**GIVEN RECORDS**
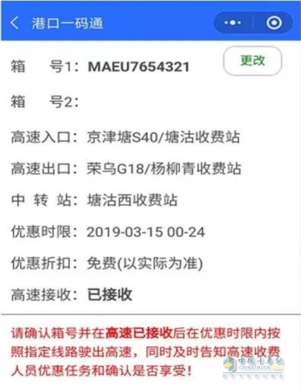 要享受通行费优惠,车辆需要满足几个条件,首先必须要通行规定中的几个高速收费站,其次必须是去天津港进行集装箱运输作业的车辆,最后车辆必须提前备案。
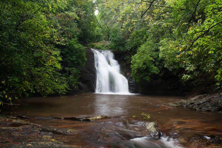 Blue Hole Falls located on High Shoals Creek in the High Shoals Scenic Area of the Chattahoochee National Forest in Towns County, Georgia, United States. The falls can be accessed via the High Shoals Trail, a well-maintained 1.2 mile trail to the larger High Shoals Creek Falls downstream.
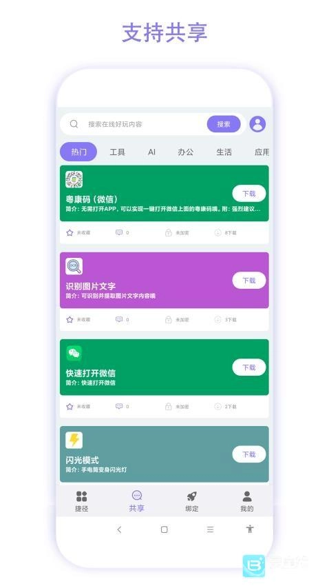 捷径助手是一款很好用的在线编程类软件,即使你没有任何编程基础,也能借助它完成一些简单的编程操作。软件针对不同功能提供了最基础的模板,你可以按照模板一步步修改内容,把这些操作保存为一键触发的功能,使用时只需简单触发就能完成,十分便捷。
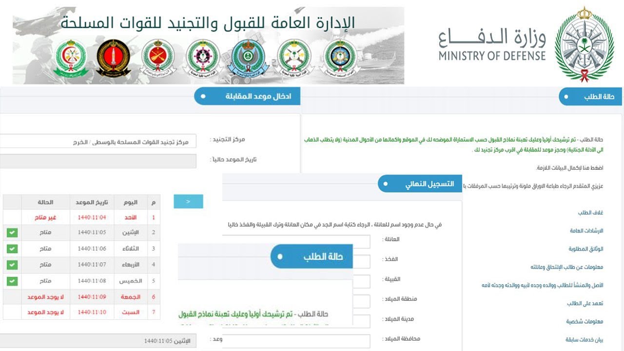 - زيارة الموقع الإلكتروني الرسمي لوزارة الدفاع السعودية، بوابة التجنيد الموحد.
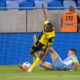Jacob De la Rose conclut une action d'école pour le 3-0 fribourgeois (© KEYSTONE/PETER KLAUNZER)
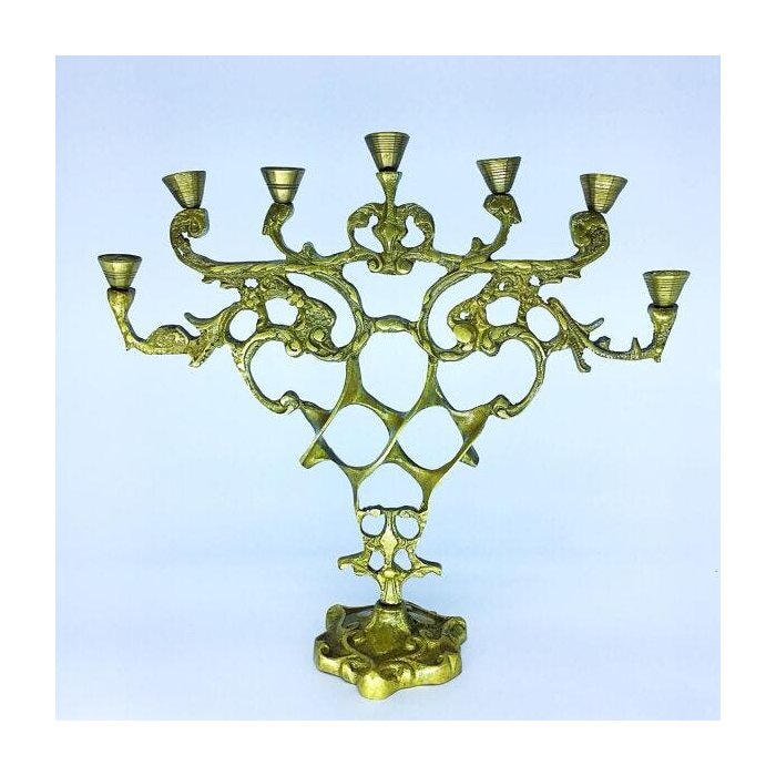 Menorah de 7 braços feita de bronze. Arte trabalhada à mão com detalhes exclusivos que deixará sua sala muito mais bonita. A Menorah é um simbolo judaico usado por Moisés para ser colocado dentro do Templo Sagrado. Alguns dizem representar os arburtos em chamas que Moisés viu no Monte Sinai. A Menorah pode ter várias interpretações interessantes, além de ser uma linda decoração.
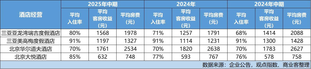 以大悅城地產(chǎn)旗下項目來看,其位于北京的北京華爾道夫酒店在今年上半年的平均入住率為70%,與去年同期持平,但平均客房收益與平均房費均有不同程度下跌。
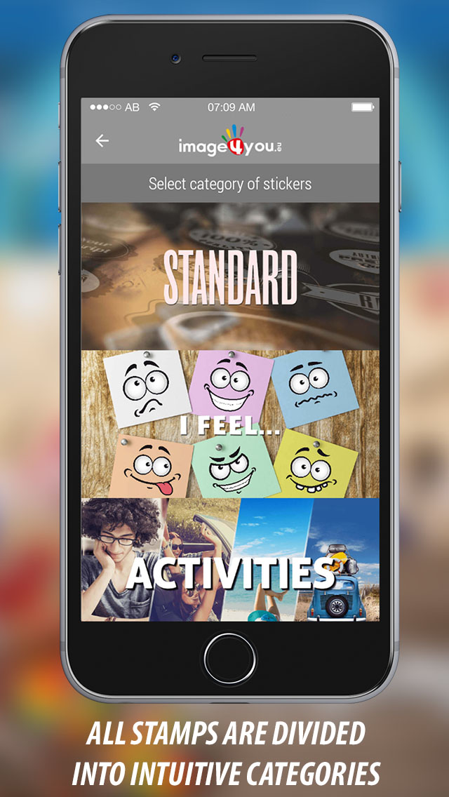 The IMAGE4YOU app allows you to take photos directly from your phone, add creative stamps / stickers from a category you want, add professional color effects or a text of your choosing.
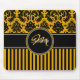This modern and trendy monogrammed golden harvest or mustard yellow, black, and white damask with stripes pattern mousepad has template boxes for you to personalise with your own name, initials, monogram, or other text. If you need any help customising this trendy mousepad, please email niteowlstudio@gmail.com.
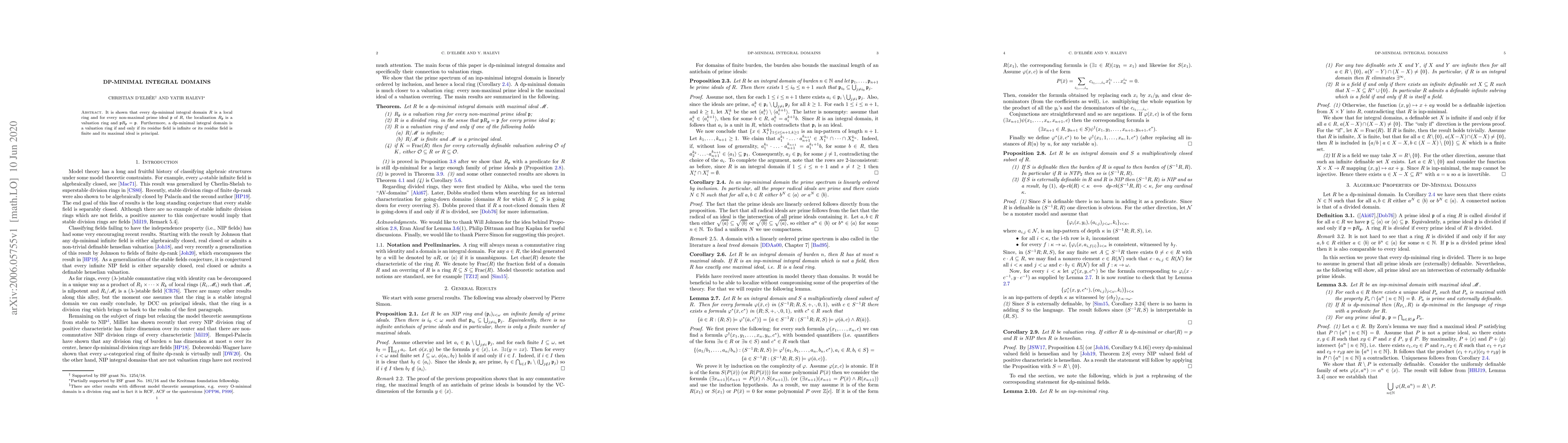 Summary: This paper demonstrates that dp-minimal integral domains are local rings where non-maximal prime ideals localize to valuation rings, and it establishes that such domains are valuation rings if their residue fields are infinite or if they have finite residue fields with principal maximal ideals.

**ABOUT THIS TASK**
Above are the records. Copy only the lines from the one with "- زيارة الموقع" through the one with "Jacob De la", exactly, with no pictures.

**TASK RESULT**
 - زيارة الموقع الإلكتروني الرسمي لوزارة الدفاع السعودية، بوابة التجنيد الموحد.
Jacob De la Rose conclut une action d'école pour le 3-0 fribourgeois (© KEYSTONE/PETER KLAUNZER)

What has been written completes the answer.